Yes, you eventually want a 64-bit OR to look for any non-zero bits in either half, but it's not efficient to get those uint64_t values from a 128-bit load and then extract.
In asm you just want a mov load and a memory-source or or add, which will set ZF just like you're doing now. Two loads from the same cache line are very cheap; current CPUs have at least 2/clock load throughput. The extra ALU work to extract from a single 128-bit load is just not worth it, even if you did shuffle / por to set up for a single movq.
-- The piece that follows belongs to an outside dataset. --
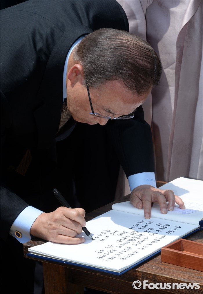 (안동=포커스뉴스) 반기문 유엔 사무총장이 29일 오후 경북 안동 하회마을 성애 류성룡 고택 충효당에서 방명록을 작성하고 있다.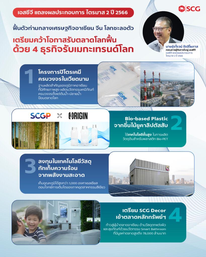มีรายได้ 124,631 ล้านบาท  กำไรสำหรับงวด 8,082 ล้านบาท  กำไรจากการดำเนินงาน 5,216 ล้านบาท  เพิ่มขึ้นร้อยละ 14 เมื่อเทียบกับไตรมาสก่อน  จากปริมาณการขายสินค้าพอลิโอเลฟินส์เพิ่มขึ้นในธุรกิจเคมิคอลส์ และต้นทุนพลังงานที่ลดลง เอสซีจี เตรียมคว้าโอกาสตลาดโลกฟื้นด้วยการเร่งเครื่อง 4 ธุรกิจตอบเมกะเทรนด์โลก  ได้แก่  1. โครงการปิโตรเคมีครบวงจรใหญ่สุดในเวียดนาม ฐานผลิตสำคัญของภูมิภาคอาเซียนที่มีศักยภาพสูง ผลิตนวัตกรรมเคมีภัณฑ์ครบวงจรตั้งแต่ต้นน้ำ-ปลายน้ำ  ป้อนตลาดโลก ซึ่งมีฐานลูกค้าอยู่แล้ว  2. ผนึกกำลังกับคู่ธุรกิจชั้นนำระดับโลกด้านนวัตกรรมกรีน ยกระดับ Green Innovation ตอบโจทย์ความต้องการตลาดโลก และสอดคล้องกับเทรนด์ ESG  ได้แก่  นวัตกรรม ‘Biobased Plastic จากชิ้นไม้ยูคาลิปตัสสับ’ โดยใช้เทคโนโลยีขั้นสูงผลิตเป็นวัตถุดิบสำหรับพลาสติก Bio-PET ที่ย่อยสลายได้ 3. ลงทุนในเทคโนโลยีวัสดุกักเก็บความร้อนจากพลังงานสะอาด ที่เก็บอุณหภูมิได้สูงกว่า 1,000 องศาเซลเซียส ซึ่งเป็นส่วนประกอบหลักของแบตเตอรี่ความร้อน ตอบโจทย์การเติบโตของภาคอุตสาหกรรมสีเขียว ตามเป้าหมาย Net Zero   และ 4. เตรียม SCG Decor  เข้าตลาดหลักทรัพย์ฯ ก้าวสู่ผู้นำตลาดอาเซียนด้านวัสดุตกแต่งผิว และสุขภัณฑ์ด้วยนวัตกรรม Smart Bathroom โดยมูลค่าตลาดอาเซียนมีโอกาสโตสูงถึง 78,000 ล้านบาท ในปี 2569

In C++, use memcpy to do strict-aliasing safe loads of uint64_t tmp vars, then if(a | b). This is still SIMD, just SWAR (SIMD Within A Register).
add is even better than or: it can macro-fuse with most jcc instructions on Intel Sandybridge-family (but not AMD). or can't fuse with branch instructions on any CPUs. Since your values are 0 or 1, we can't have a case of two non-zero values adding to produce a zero, which is why you'd normally use or for the general case.
(Some addressing modes may defeat micro or macro-fusion on Intel. Or maybe it always works since there's no immediate involved. It really is possible for add rax, [mem] / jnz to go through the front-end and ROB as a single uop, and execute in the back-end as only 2 (load + add/sub-and-branch). Assuming it's about the same as cmp on my Skylake, except it does write the destination so Haswell and later can maybe keep it micro-fused even for indexed addressing modes.)
uint64_t a, b;
memcpy(&a, noise_frame_flags+0, sizeof(a)); // strict-aliasing-safe loads
memcpy(&b, noise_frame_flags+8, sizeof(b)); // which optimize to MOV qword
bool isNoiseToCancel = a + b; // equivalent to a | b for bool inputs
This should compile to 3 asm instructions which will decode to 2 uops total, or 3 on AMD CPUs where JCC can only fuse with cmp or test.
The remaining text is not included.